What specific challenges are facing the Nordic societies? Some of them can be linked to increasing heterogeneity in the Nordic societies, caused by, for example, increased economic differences, immigration and political polarisation. One completely different challenge is corruption. In a global perspective, the Nordic region is characterised by a low level of corruption. However, if the trust in the Nordic societies in recent years has largely deepened through a perceived low level of corruption in authorities, the causal relationship can easily tip in the other direction; small increases in corruption can have significant negative effects on the
social trust.

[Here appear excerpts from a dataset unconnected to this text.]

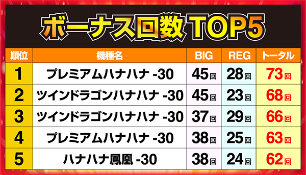 「プレミアムハナハナ‐30」と「ツインドラゴンハナハナ‐30」、「ハナハナ鳳凰-30」の3機種がランクイン!!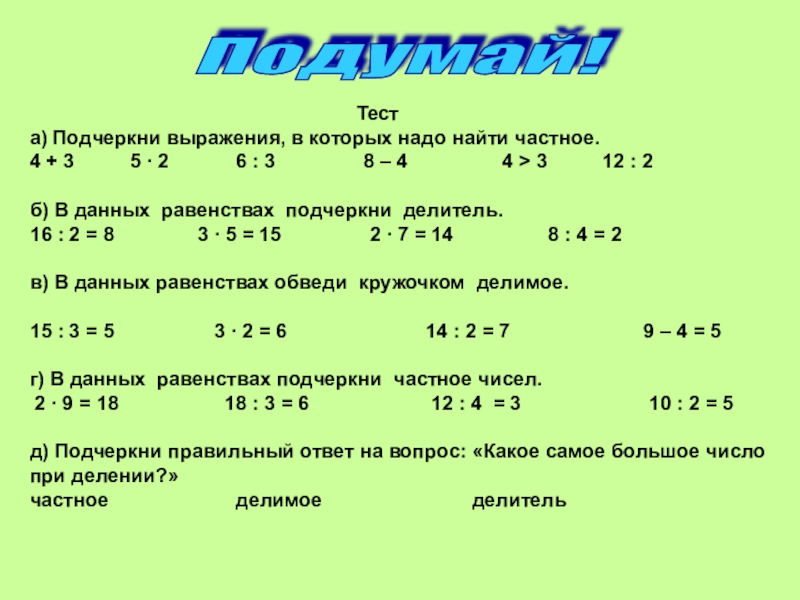 а) Подчеркни выражения, в которых надо найти частное.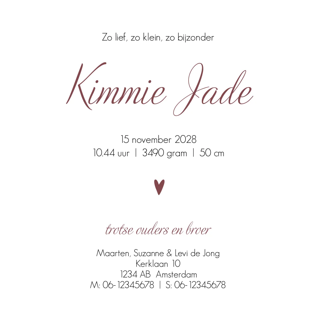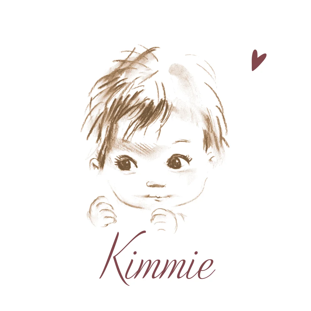 Geboortekaartje met een pentekening in sepia bruindruk van een lief baby hoofdje met 2 kleine handjes.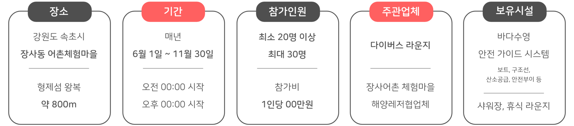 장사 어촌체험마을에서는 두 가지 바다수영 코스를 운영하고 있습니다.

One way of expressing this is that the more people we believe are
corrupt, the greater the likelihood that they are corrupt.

Increase in Trust

The increase in trust in the Nordic region has much to do with the perceived fairness of the actions of societal institutions. Perceived fairness can wane, not only because of increased corruption, but probably also because decisions made may not be regarded as legitimate, for example if public authorities do not use tax
revenues appropriately. If the Nordic countries were to be hit by high and long-term unemployment, this could
affect social trust. This is largely linked to possible increased economic differences in society. This report has emphasised the key importance of the Nordic associations in generating social trust. It is beyond the scope of this text to investigate the extent to which the association culture in the Nordic region has declined in recent years,
or the extent to which it is under threat. However, if the association culture is declining, this is not only a loss for the associations as such, but also something that can have a negative effect on the long-term level of trust in society, because the associations help to hold together the social norms of trust and respect. Some of the challenges facing Nordic trust have been highlighted. It is important to take these challenges seriously but, at the same time, it is important to retain a sense of balance. Most of the challenges are not new, and have existed for the past few decades. Despite this, overall social trust continues to increase in the Nordic societies, writes Nordisk Ministerråd.